CAPSIF:Voxel, in most cases, performs similarly on AlphaFold2 structures
Both CAPSIF models were trained and tested on bound crystal structures; however, experimental protein structure determination can be expensive, even in the absence of carbohydrates. We, therefore, investigated whether CAPSIF:V could usefully predict carbohydrate-binding structures from computationally modeled structures. We reconstructed the test protein structure dataset with the Colab implementation of AlphaFold2 (AF2) (Jumper et al., 2021; Mirdita et al., 2022), predicted the carbohydrate-binding residues of the predicted structures, and evaluated the same performance metrics (Table 2). CAPSIF:V predicts the carbohydrate-binding regions with similar Dice coefficients of 0.597 and 0.586 for PDB versus AF2 predicted structures, respectively. Figure 4A shows that the Dice distribution is similar between PDB and AF2 structures. CAPSIF:V predicts the center of the carbohydrate-binding region more accurately on AF2 structures with a DCC of 3.8 Å, compared to 4.5 Å on crystal structures.
TABLE 2. Metrics for CAPSIF:Voxel inputting PDB or AF2 structures. Dice, PPV, sensitivity, DCC, MCC, and coverage defined in Table 1.
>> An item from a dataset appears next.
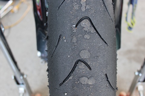 14:36 減ったタイヤ ここまで走行したタイヤ。 鈴鹿のスポーツ走行で使ったもので、リヤはかなり減っちゃって、もうすぐ溝なしになりそう。 これでも、そこそこグリップしてくれるので、ありがたいです。 対して、フロントは結構残っちゃってますね。 なので、ライフのバランスが悪いです。 ピレリだと、フロントはスーパーソフトがあるらしいんで、そっちならフロントとリヤのライフバランスがイイかもしれませんね。 このフロントタイヤはキープしておいて、街乗りのR1で使うことにします。 |

FIGURE 4. Dice coefficient assessment of CAPSIF:Voxel on PDB and AlphaFold2 (AF2) structures. (A) Kernel density estimate (h = 0.04) showing the distribution of the Dice coefficient for both methods. (B) Comparison of each test structure between CAPSIF:V on PDB and AF2 structures.
Although CAPSIF:V has a lower average DCC on AF2 structures compared to experimental structures, CAPSIF:V fails to predict any sites at all on 15% of AF2 structures, whereas it fails in only 5% of PDB structures, suggesting that the signal about sugar binding is removed for some of the small backbone errors produced by AF2.
The multiple outliers where CAPSIF:V fails to predict the region of carbohydrate binding in only AF2-predicted structures are sorted in Figure 4B. CAPSIF:V predicts a Dice coefficient of at least 0.15 units higher for PDB structures in 14.9% of structures and predicts AF2 structures with a 0.15 Dice coefficient or higher for 8.7% of test structures. AF2-generated structures can be inaccurate; however, in most of the test cases, AF2 captures the structures with angstrom level accuracy and the carbohydrate-binding residues with high pLDDT confidence; unfortunately, the pLDDT confidence measure does not correlate with the CAPSIF success rate (Supplementary Figure S8).
CAPSIF assists ab initio prediction of bound protein–carbohydrate structures
CAPSIF:V predicts the carbohydrate-binding site on the majority of proteins with high accuracy, suggesting that it might be used in a pipeline to predict bound protein–carbohydrate structures. As a proof-of-concept, we developed a prospective pipeline and tested it on five proteins from the GlycanDock (Nance et al., 2021) test dataset that were not included in the CAPSIF dataset.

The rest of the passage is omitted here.